In the copy, include all of the listing exactly and none of its pictures.

*** DATA PROVIDED Section Begins ***

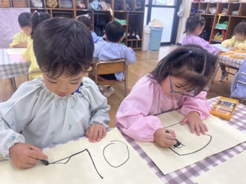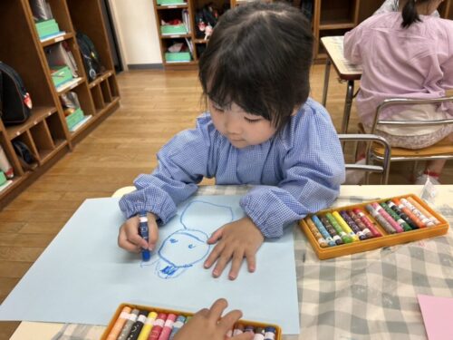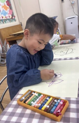 自分の好きなものをイメージしながら、クレヨンで大きな画用紙に思いおもいの絵を描きました!
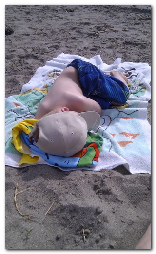 Litt mye frisk luft gjorde at han sovnet på stranda. Solfaktor 50 gjorde at han ikke ble solbrent.
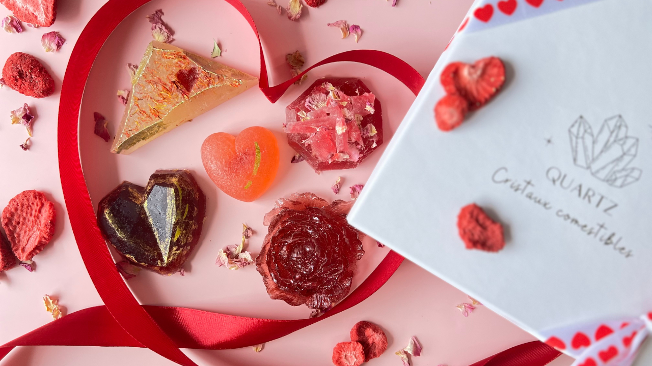 Our edible crystals are made from fruit purees, tea infusions or syrup made from natural aromas according to perfumes, sugar, and seaweed. The latter, having gelifying properties, allow us to shape them by hand.

*** DATA PROVIDED Section Ends ***

§ EXERCISE RESPONSE:
 自分の好きなものをイメージしながら、クレヨンで大きな画用紙に思いおもいの絵を描きました!
 Litt mye frisk luft gjorde at han sovnet på stranda. Solfaktor 50 gjorde at han ikke ble solbrent.
 Our edible crystals are made from fruit purees, tea infusions or syrup made from natural aromas according to perfumes, sugar, and seaweed. The latter, having gelifying properties, allow us to shape them by hand.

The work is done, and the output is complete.